Plotting static Game of Life patterns in Python Matplotlib
There are a number of Python programs around for playing the classical 'Game of Life', and most of them offer nice graphic animations which allow one to follow the fantastic patterns emerging from the game. Such programs are fine for interactive use on a computer, but I have found very difficult to find one that provides static graphic output intended for printed pages (like those displayed in the 1970 article by Martin Gardner which presented the Game of Life to the world: The fantastic combinations of John Conway's new solitaire game "life"). There are many programs that offer text-based output of Life patterns, but I have not found any one capable of doing the same thing with Matplolib graphics. So, I started writing one, as shown in the code below:
import matplotlib.pyplot as plt
def iterate(Z):
shape = len(Z), len(Z[0])
N = [[0,]*(shape[0]+2) for i in range(shape[1]+2)]

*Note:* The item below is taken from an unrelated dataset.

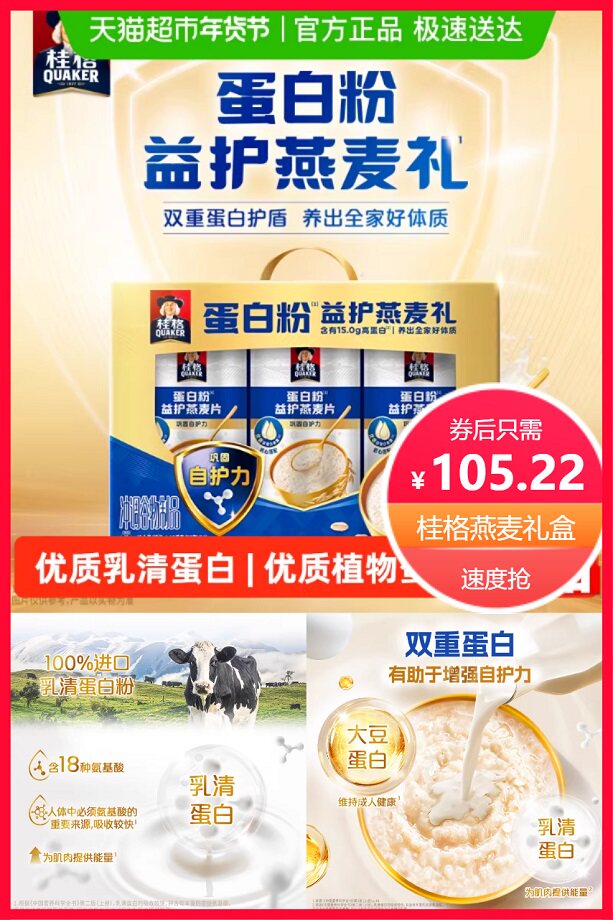 官方立减60元+券20元+红包立减3元+点击右上角三个点进入淘金币省3.78元+88vip省5.45元后约96.77元,蛋白粉,益护燕麦礼,双重蛋白护盾,养出全家好体质!

# Compute number of neighbours for each cell
for x in range(1,shape[0]-1):
for y in range(1,shape[1]-1):
N[x][y] = Z[x-1][y-1]+Z[x][y-1]+Z[x+1][y-1] \
+ Z[x-1][y] +Z[x+1][y] \
+ Z[x-1][y+1]+Z[x][y+1]+Z[x+1][y+1]
# Update cells
for x in range(1,shape[0]-1):
for y in range(1,shape[1]-1):
if Z[x][y] == 0 and N[x][y] == 3:
Z[x][y] = 1
elif Z[x][y] == 1 and not N[x][y] in [2,3]:
Z[x][y] = 0
return Z
# The 'beehive' pattern
Z = [[0, 0, 0, 0, 0, 0, 0, 0, 0, 0],
[0, 0, 0, 0, 0, 0, 0, 0, 0, 0],
[0, 0, 0, 0, 0, 0, 0, 0, 0, 0],
[0, 0, 0, 0, 1, 0, 0, 0, 0, 0],
[0, 0, 0, 0, 1, 1, 0, 0, 0, 0],
[0, 0, 0, 0, 0, 1, 0, 0, 0, 0],
[0, 0, 0, 0, 0, 0, 0, 0, 0, 0],
[0, 0, 0, 0, 0, 0, 0, 0, 0, 0],
[0, 0, 0, 0, 0, 0, 0, 0, 0, 0],
[0, 0, 0, 0, 0, 0, 0, 0, 0, 0]]
n_generations = 10
fig, axes = plt.subplots(2, 5, figsize=(8, 8))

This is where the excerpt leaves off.